RECORDS TO PROCESS START

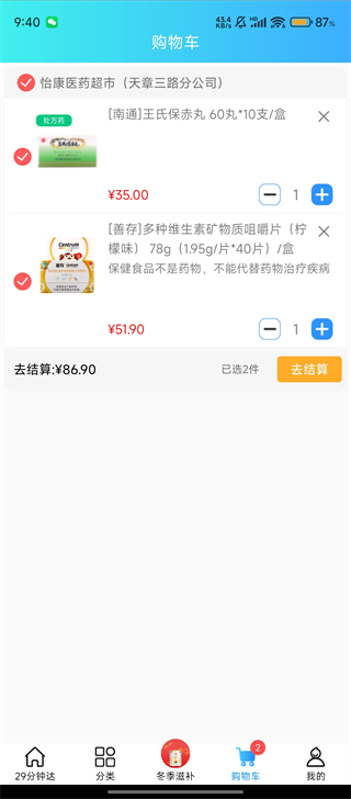 3、选好药品后,点击底部【购物车】,确认选中的药品,然后点击【去结算】,准备完成购药流程啦。
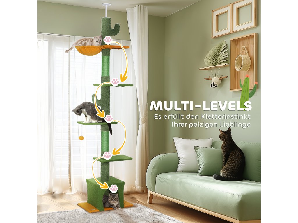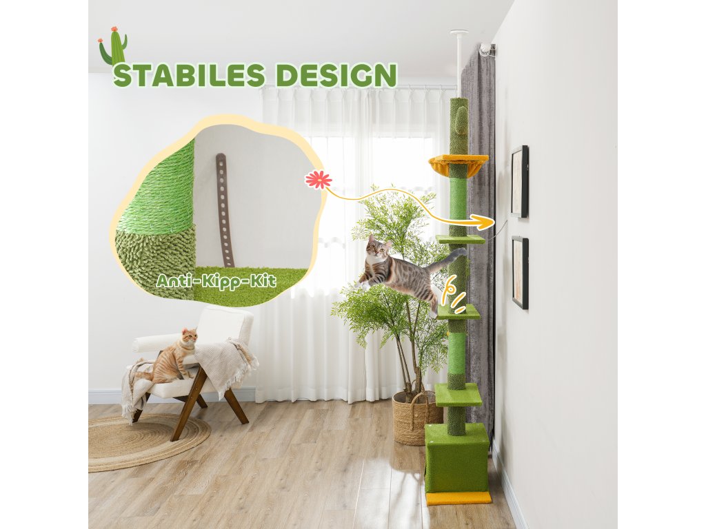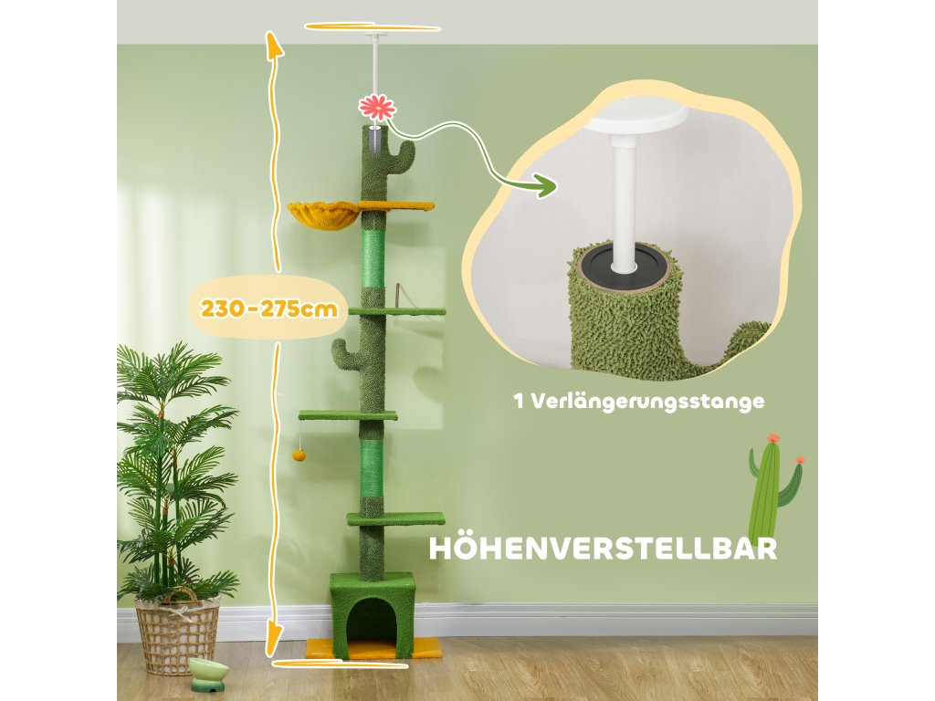 - Výškově nastavitelný a prostorově úsporný: Díky nastavitelné výšce 230-275 cm se tento stropní škrabací sloupek dokonale hodí do každé místnosti a optimálně využívá dostupný prostor
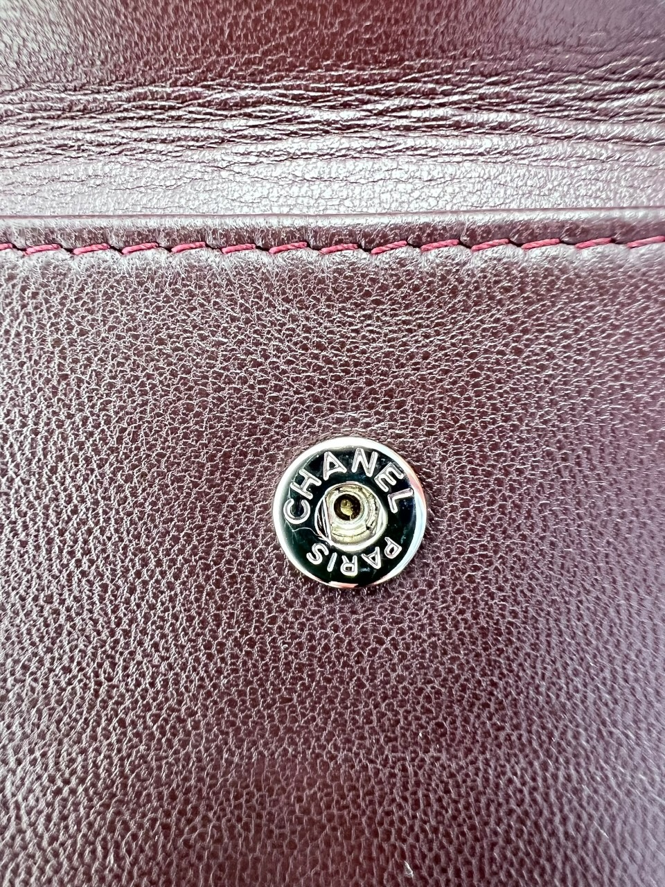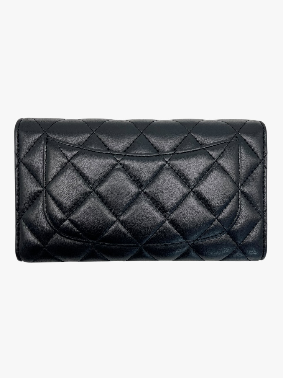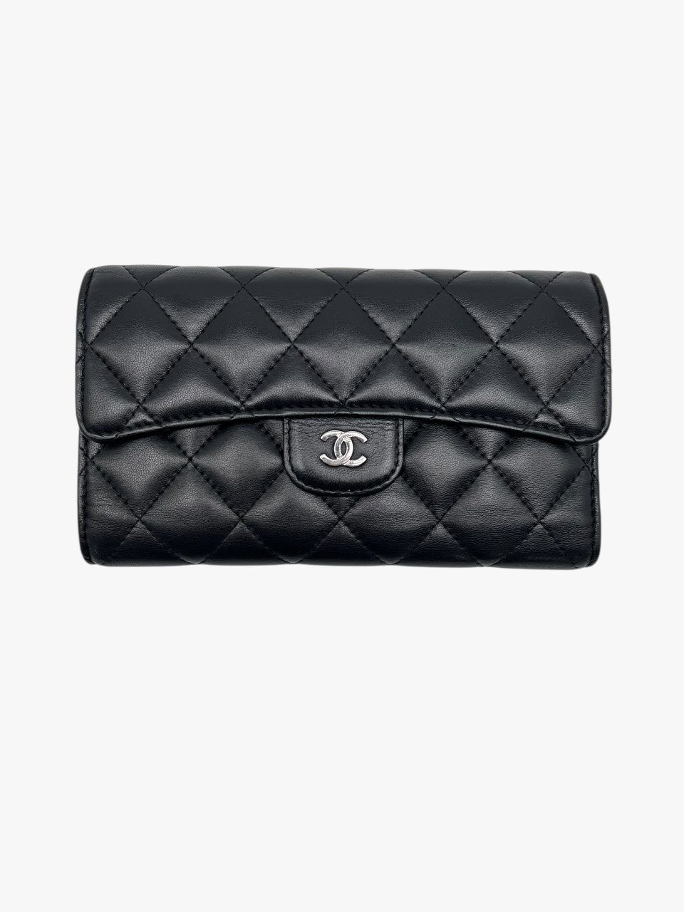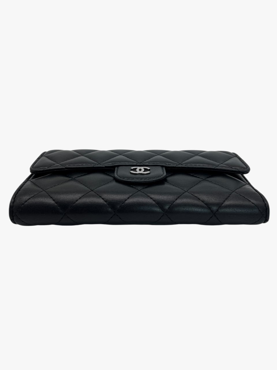 Eleganza senza tempo in formato, portafoglio classico con patta firmato CHANEL è un accessorio iconico che racchiude tutta la raffinatezza della Maison. Realizzato in morbida pelle d’agnello trapuntata di colore Nero, presenta la distintiva lavorazione matelassé e il celebre logo CC in metallo Silver, simbolo di lusso e tradizione. La chiusura della patta è con bottone a pressione e la parte interna è di pelle color Borgogna. Tasca porta monete applicata con patta e bottone a pressione. Tre tasche aperte con 6 slot porta tessere o carte di credito. Vano porta banconote foderato in tessuto tono su tono. Anno 2016, Misure 18 x 10,5 x 3 CM. Si presenta in buone condizioni, anche se al tatto si sente che la pelle è vissuta con un buon grado di morbidezza e si evincono leggeri segni di usura anche sulle doppie cc della patta frontale.
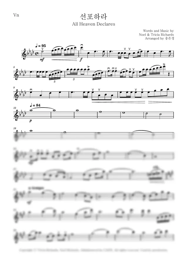 4부합창(SATB)과 함께 연주할 수 있도록 편곡된 바이올린 반주 악보입니다.
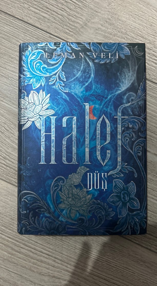 Aleman Veli'nin "Halef Düş" adlı romanı, çiçek desenleriyle süslenmiş mavi kapaklı bir kitaptır. Hikaye gizemli ve hayal gücü yüksek bir dünyada geçer.
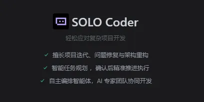 我们可以通过自然语言提出需求,AI即可自动完成从需求理解、任务分解、代码编写、测试到部署的完整开发流程。它定位为“响应式编码智能体”,内含SOLO Builder(快速搭建应用)和SOLO Coder(处理复杂迭代)两大智能体,并支持多任务并行与代码变更追踪。该模式目前国内免费使用。
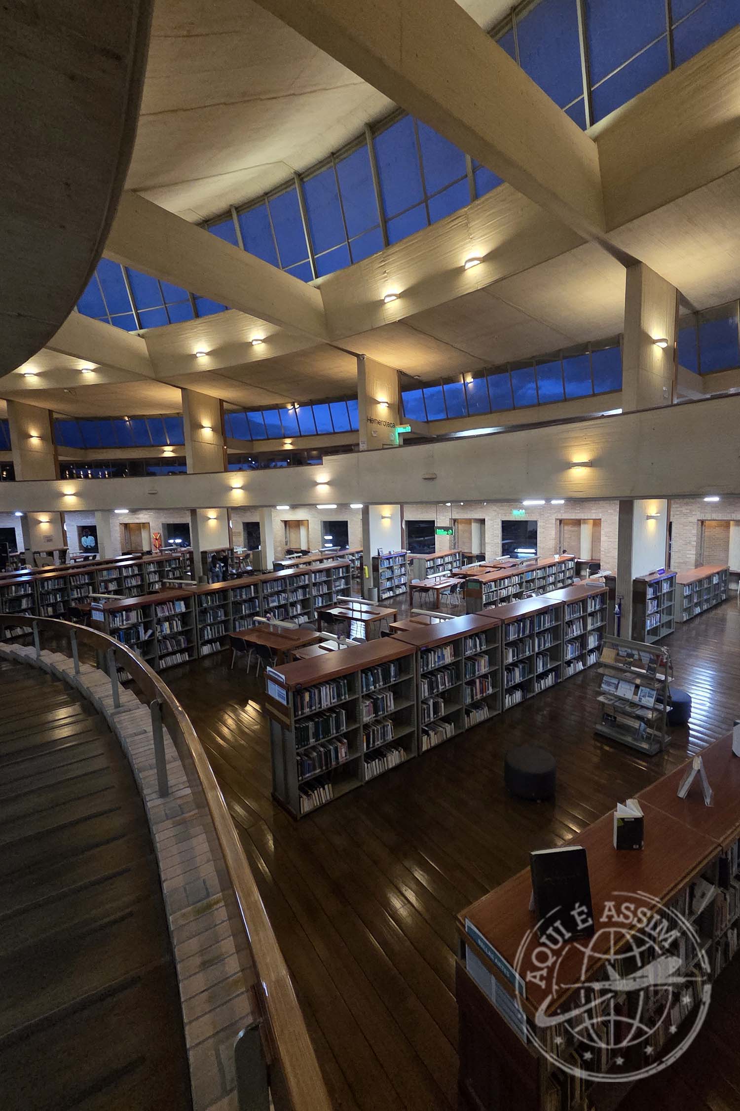 Atravessei a passarela até a Biblioteca Pública Virgilio Barco, que fica ao lado do parque. A arquitetura circular é belíssima, com grandes janelas e uma vista panorâmica para o verde. Entrei por alguns minutos, olhei o saguão e os corredores, mas o café já estava fechado. Era 18h12 quando comecei a voltar pra casa.

RECORDS TO PROCESS END

YOUR INSTRUCTIONS –
A verbatim rendering of the listing above is required, without any of its pictures.

ANSWER SPACE –
 3、选好药品后,点击底部【购物车】,确认选中的药品,然后点击【去结算】,准备完成购药流程啦。
 - Výškově nastavitelný a prostorově úsporný: Díky nastavitelné výšce 230-275 cm se tento stropní škrabací sloupek dokonale hodí do každé místnosti a optimálně využívá dostupný prostor
 Eleganza senza tempo in formato, portafoglio classico con patta firmato CHANEL è un accessorio iconico che racchiude tutta la raffinatezza della Maison. Realizzato in morbida pelle d’agnello trapuntata di colore Nero, presenta la distintiva lavorazione matelassé e il celebre logo CC in metallo Silver, simbolo di lusso e tradizione. La chiusura della patta è con bottone a pressione e la parte interna è di pelle color Borgogna. Tasca porta monete applicata con patta e bottone a pressione. Tre tasche aperte con 6 slot porta tessere o carte di credito. Vano porta banconote foderato in tessuto tono su tono. Anno 2016, Misure 18 x 10,5 x 3 CM. Si presenta in buone condizioni, anche se al tatto si sente che la pelle è vissuta con un buon grado di morbidezza e si evincono leggeri segni di usura anche sulle doppie cc della patta frontale.
 4부합창(SATB)과 함께 연주할 수 있도록 편곡된 바이올린 반주 악보입니다.
 Aleman Veli'nin "Halef Düş" adlı romanı, çiçek desenleriyle süslenmiş mavi kapaklı bir kitaptır. Hikaye gizemli ve hayal gücü yüksek bir dünyada geçer.
 我们可以通过自然语言提出需求,AI即可自动完成从需求理解、任务分解、代码编写、测试到部署的完整开发流程。它定位为“响应式编码智能体”,内含SOLO Builder(快速搭建应用)和SOLO Coder(处理复杂迭代)两大智能体,并支持多任务并行与代码变更追踪。该模式目前国内免费使用。
 Atravessei a passarela até a Biblioteca Pública Virgilio Barco, que fica ao lado do parque. A arquitetura circular é belíssima, com grandes janelas e uma vista panorâmica para o verde. Entrei por alguns minutos, olhei o saguão e os corredores, mas o café já estava fechado. Era 18h12 quando comecei a voltar pra casa.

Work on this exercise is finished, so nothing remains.